- 1/4 cup extra-virgin olive oil
- 2 tablespoons minced shallots
- About 1/2 tsp. kosher or fine sea salt
- 1 large fennel bulb
- 4 medium blood oranges
- 2 small heads frisée, about 4 oz. each before trimming
- 1/2 cup coarsely chopped flat-leaf parsley
- Freshly ground black pepper
- 1/2 lemon, optional
- calories 112
- caloriesfromfat 55 %
- protein 1.5 g
- fat 7.2 g
- satfat 1 g
- carbohydrate 13 g
- fiber 3.6 g
- sodium 138 mg
- cholesterol 0.0 mg
How to Make It
Combine oil, shallots, and a generous pinch of salt in a small bowl.
Quarter fennel bulb lengthwise and cut away the core.

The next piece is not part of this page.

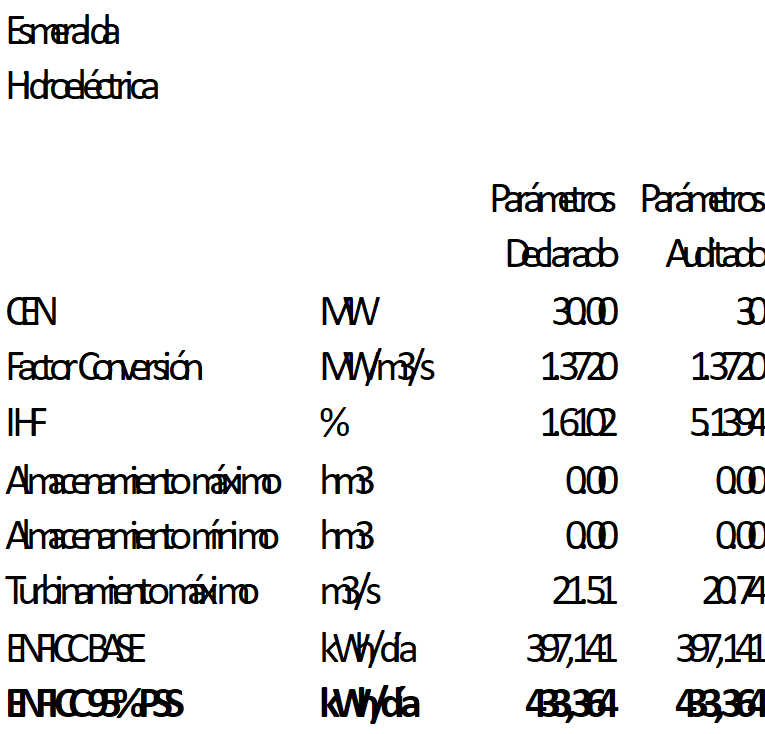 Los siguientes son los resultados del informe de verificación de parámetros de PwC AG sobre la planta y/o Unidad de Generación ESMERALDA, los cuales le permiten expresar que el valor reportado para el parámetro de Indisponibilidad Histórica Forzada Planta Hidraúlica - IHF, presenta una discrepancia:

Slice quarters thinly crosswise with a mandoline or other manual vegetable slicer, or with a chef's knife.
Segment oranges: Working with one at a time, cut a slice off the bottom and top to expose flesh. Stand orange on a cutting board. With a small, sharp knife, slice off peel and white pith, following the curve of the fruit. Cut between membranes and fruit to release segments into a bowl. Repeat with remaining oranges.
Remove core and any bitter-tasting dark green outer leaves and leaf tips from frisée. Tear pale yellow center leaves into bite-size pieces to get eight small handfuls.
Combine frisée, fennel, and parsley in a serving bowl. Add orange segments to frisée, leaving juice behind. Add shallot oil, several grinds of pepper, and 1/2 tsp. salt and toss gently. Season with more salt and a squeeze of lemon juice if you like. Serve immediately.
Make ahead: Through step 4, up to 8 hours; cover shallot oil and leave at room temperature. Put fennel in a bowl, cover with a damp towel, and chill. Cover oranges and chill. Wrap frisée in a paper towel, put in a plastic bag, and chill.
Note: Nutritional analysis is per 1-cup serving.